WHAT THIS TASK INVOLVES:
Please copy every record below exactly and leave out the pictures.

━━━ TASK MATERIAL

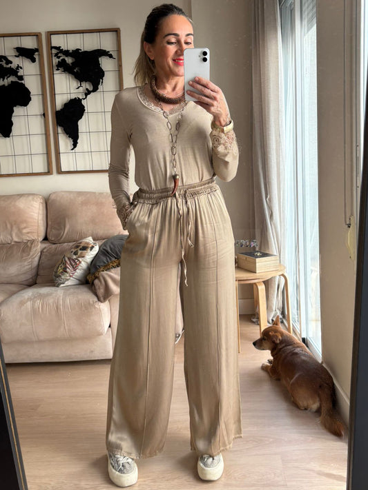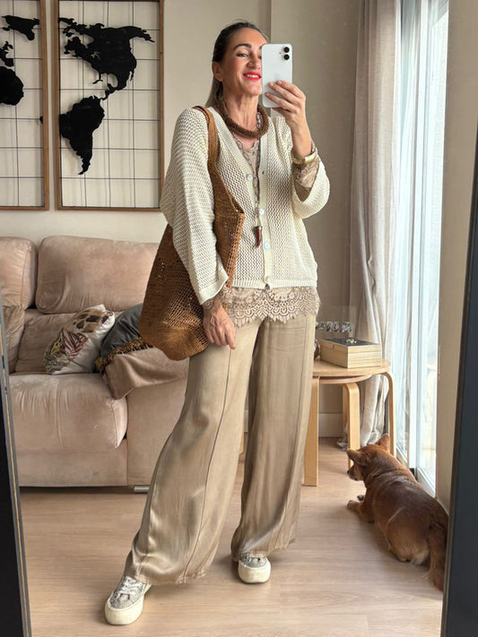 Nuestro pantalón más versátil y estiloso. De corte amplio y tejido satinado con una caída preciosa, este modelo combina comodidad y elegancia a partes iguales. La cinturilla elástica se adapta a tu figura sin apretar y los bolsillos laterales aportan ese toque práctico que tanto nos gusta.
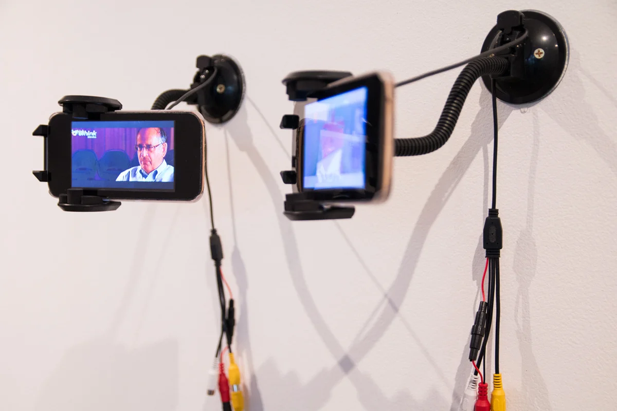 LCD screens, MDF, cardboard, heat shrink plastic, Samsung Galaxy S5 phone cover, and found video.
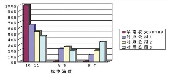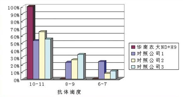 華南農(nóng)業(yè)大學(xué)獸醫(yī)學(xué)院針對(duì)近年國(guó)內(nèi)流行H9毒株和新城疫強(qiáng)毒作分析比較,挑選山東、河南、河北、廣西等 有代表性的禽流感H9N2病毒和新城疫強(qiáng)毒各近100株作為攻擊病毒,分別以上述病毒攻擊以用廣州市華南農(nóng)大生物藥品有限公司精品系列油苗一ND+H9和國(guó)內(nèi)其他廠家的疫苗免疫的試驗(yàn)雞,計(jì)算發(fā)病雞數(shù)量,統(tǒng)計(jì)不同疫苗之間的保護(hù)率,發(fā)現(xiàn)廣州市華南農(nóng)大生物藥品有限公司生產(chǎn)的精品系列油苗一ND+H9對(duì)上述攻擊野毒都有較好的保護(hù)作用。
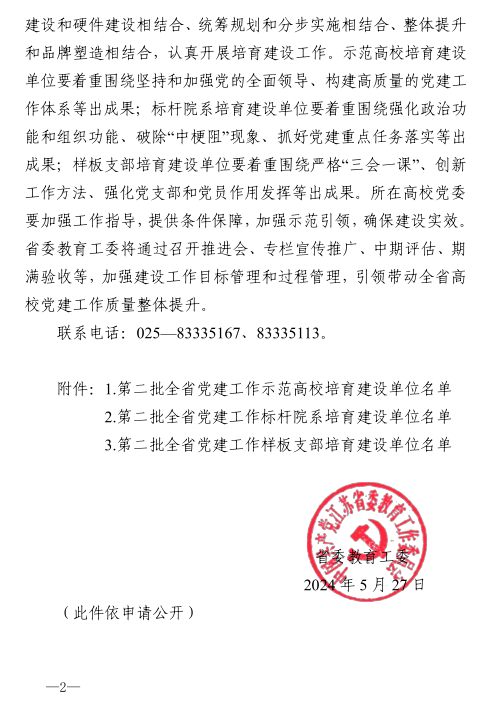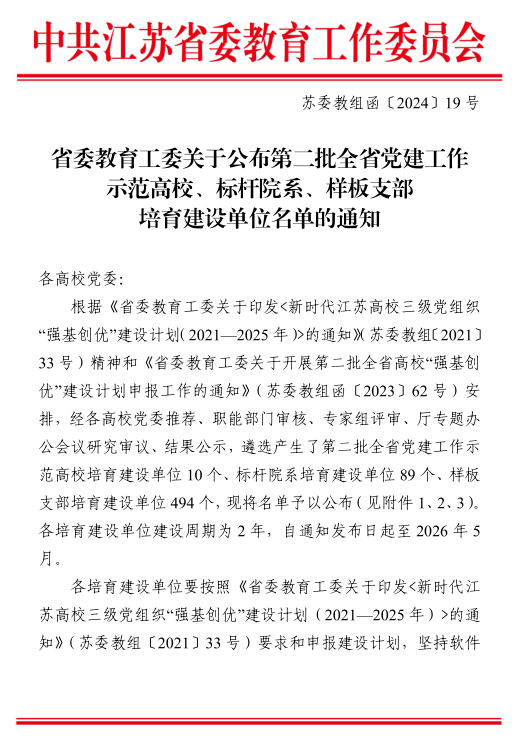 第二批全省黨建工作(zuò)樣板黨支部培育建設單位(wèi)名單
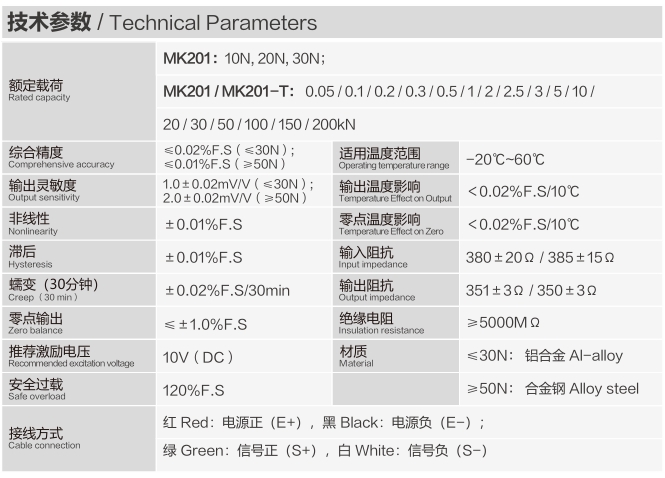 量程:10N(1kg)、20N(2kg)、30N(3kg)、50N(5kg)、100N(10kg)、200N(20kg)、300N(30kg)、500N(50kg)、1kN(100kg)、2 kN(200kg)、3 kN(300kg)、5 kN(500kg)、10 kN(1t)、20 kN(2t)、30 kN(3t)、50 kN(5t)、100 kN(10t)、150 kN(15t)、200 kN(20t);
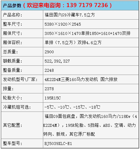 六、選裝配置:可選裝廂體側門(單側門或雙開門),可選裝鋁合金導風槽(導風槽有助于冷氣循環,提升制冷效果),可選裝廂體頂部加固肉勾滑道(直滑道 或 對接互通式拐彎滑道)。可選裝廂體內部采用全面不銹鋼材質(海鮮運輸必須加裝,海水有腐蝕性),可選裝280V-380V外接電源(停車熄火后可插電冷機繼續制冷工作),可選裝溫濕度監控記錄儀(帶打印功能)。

━━━━━━

RESULT OF THE TASK:
 Nuestro pantalón más versátil y estiloso. De corte amplio y tejido satinado con una caída preciosa, este modelo combina comodidad y elegancia a partes iguales. La cinturilla elástica se adapta a tu figura sin apretar y los bolsillos laterales aportan ese toque práctico que tanto nos gusta.
 LCD screens, MDF, cardboard, heat shrink plastic, Samsung Galaxy S5 phone cover, and found video.
 華南農(nóng)業(yè)大學(xué)獸醫(yī)學(xué)院針對(duì)近年國(guó)內(nèi)流行H9毒株和新城疫強(qiáng)毒作分析比較,挑選山東、河南、河北、廣西等 有代表性的禽流感H9N2病毒和新城疫強(qiáng)毒各近100株作為攻擊病毒,分別以上述病毒攻擊以用廣州市華南農(nóng)大生物藥品有限公司精品系列油苗一ND+H9和國(guó)內(nèi)其他廠家的疫苗免疫的試驗(yàn)雞,計(jì)算發(fā)病雞數(shù)量,統(tǒng)計(jì)不同疫苗之間的保護(hù)率,發(fā)現(xiàn)廣州市華南農(nóng)大生物藥品有限公司生產(chǎn)的精品系列油苗一ND+H9對(duì)上述攻擊野毒都有較好的保護(hù)作用。
 第二批全省黨建工作(zuò)樣板黨支部培育建設單位(wèi)名單
 量程:10N(1kg)、20N(2kg)、30N(3kg)、50N(5kg)、100N(10kg)、200N(20kg)、300N(30kg)、500N(50kg)、1kN(100kg)、2 kN(200kg)、3 kN(300kg)、5 kN(500kg)、10 kN(1t)、20 kN(2t)、30 kN(3t)、50 kN(5t)、100 kN(10t)、150 kN(15t)、200 kN(20t);
 六、選裝配置:可選裝廂體側門(單側門或雙開門),可選裝鋁合金導風槽(導風槽有助于冷氣循環,提升制冷效果),可選裝廂體頂部加固肉勾滑道(直滑道 或 對接互通式拐彎滑道)。可選裝廂體內部采用全面不銹鋼材質(海鮮運輸必須加裝,海水有腐蝕性),可選裝280V-380V外接電源(停車熄火后可插電冷機繼續制冷工作),可選裝溫濕度監控記錄儀(帶打印功能)。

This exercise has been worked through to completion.